Comment Agropur résiste à la concurrence étrangère dans le lait
François Normand|Publié le 05 mars 2019Les importations de lait tripleront au Canada en raison de trois ententes, avec 15% d'approvisionnement extérieur.
L’entrée en vigueur de trois accords de libre-échange bouleversera l’industrie laitière au Canada avec l’arrivée massive de lait étranger. Le transformateur laitier Agropur est confiant de pouvoir résister à la tempête grâce à sa stratégie de diversification aux États-Unis amorcée en 2002.
Ces trois ententes sont l’Accord économique et commercial global (AECG), l’Accord de partenariat transpacifique global et progressiste (PTPGP) et l’Accord Canada-États-Unis-Mexique (ACEUM), destiné à remplacer l’ALÉNA.

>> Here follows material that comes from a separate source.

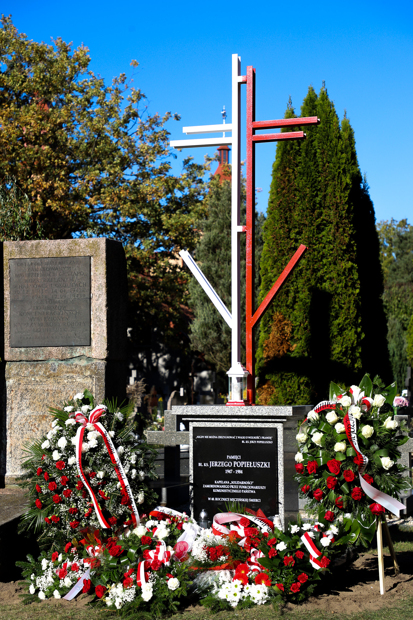 W 40. rocznicę męczeńskiej śmierci kapłana ,,Solidarności” Oddział Instytutu Pamięci Narodowej w Białymstoku, we współpracy z Parafią św. Cyryla i Metodego w Hajnówce oraz NSZZ „Solidarność” Region Podlaski zorganizował uroczystość odsłonięcia i poświęcenia krzyża upamiętniającego bł. ks. Jerzego Popiełuszkę, znajdującego się na cmentarzu katolickim w Hajnówce. Upamiętnienie, znajdujące się na terenie nekropolii od 1985 r., zostało odnowione staraniem Oddziałowego Biura Upamiętniania Walk i Męczeństwa Instytutu Pamięci Narodowej w Białymstoku.

Le première est entrée en vigueur le 21 septembre 2017, la seconde le 30 décembre 2018 pour six pays de l’Asie-Pacifique sur onze, dont l’Australie et la Nouvelle-Zélande, deux pays producteurs et exportateurs de lait.
Quant à l’ACEUM, il n’est pas encore en vigueur. Et ce processus pourrait prendre un certain temps, car le Mexique et le Canada exigent que Washington retire ses tarifs sur les importations d’acier (25%) et d’aluminium (10%) pour ratifier l’accord.
Cela dit, lorsque ces trois accords seront en vigueur, 15% du marché canadien sera approvisionné par des importations de lait, selon Agropur.
Avant septembre 2017, les producteurs de lait à l’étranger avaient seulement accès à 5% du marché canadien, qui fonctionne sous la gestion de l’offre, en vertu des règles de l’Organisation mondiale du commerce (OMC).
À terme, c’est donc trois fois plus de lait étranger qui entrera au Canada.
Agropur est devenue une société nord-américaine
Malgré tout, Agropur n’a pas l’intention de changer sa stratégie de croissance, en appuyant sur l’accélérateur aux États-Unis, explique le chef de la direction, Robert Coalier, en marge de la récente assemblée annuelle de la coopérative.
«Notre stratégie n’a jamais été de se développer dans une autre géographie en raison de la géographie actuelle», dit-il.
Selon lui, une entreprise qui génère des revenus de 6 G$ par année se doit de diversifier ses sources de croissance pour ne pas mettre tous ses œufs dans le même panier.
En 2018, près de la moitié des revenus (46%) d’Agropur provenait du marché américain, où la coopérative affiche un taux de croissance plus rapide qu’au Canada.
En 2014, les États-Unis ne comptaient que pour 35,9% de ses ventes.
Il faut dire que la coopérative a multiplié les achats d’entreprises pour croître au sud de la frontière.
Les acquisitions de Trega Foods (un producteur de fromage du Wisconsin, en 2008) et de Davisco Foods International (un producteur de fromage et d’ingrédients laitiers présent au Minnesota, en Idaho et dans le Dakota du Sud, en 2014) figurent parmi les plus importantes.
Et si la tendance se maintient, la majorité des revenus d’Agropur proviendront du marché américain, admet Robert Coalier. «Aujourd’hui, notre empreinte, c’est l’Amérique du Nord», précise-t-il.
Aux États-Unis, la coopérative a notamment investi l’an dernier à son usine de Lake Norden, dans le Dakota du Sud, afin de tripler la production de cette usine de transformation.
«Quand l’usine atteindra sa vitesse de croisière, elle transformera sur une base quotidienne 4 millions de litres de lait en 1 million de livres de fromage», dit le chef de la direction d’Agropur.
Garder un équilibre entre les États-Unis et le Canada
Même si la population des États-Unis est dix fois plus importante qu’au Canada, l’entreprise n’entend pas négliger pour autant le marché canadien, où il y a encore des occasions d’affaires.
«Notre stratégie, c’est d’avoir une diversification géographique équilibrée, insiste le dirigeant. On ne veut pas se retrouver avec une dominance américaine parce que nous avons décidé de nous diversifier, car nous étions concentrés au Canada.»
Les investissements futurs d’Agropur tiendront compte de cet équilibre entre les deux marchés, même si la diversification géographique aux États-Unis permet à Agropur de résister plus facilement à la nouvelle concurrence étrangère au Canada.
Ces cinq dernières années, la coopérative a investi 1,3 G$ en immobilisations en Amérique du Nord, dont 728 M$ au Canada.
En 2018, l’entreprise a réalisé des revenus de 6,7 milliards de dollars (en hausse de 5%) et un excédent net de 67,7 millions de dollars.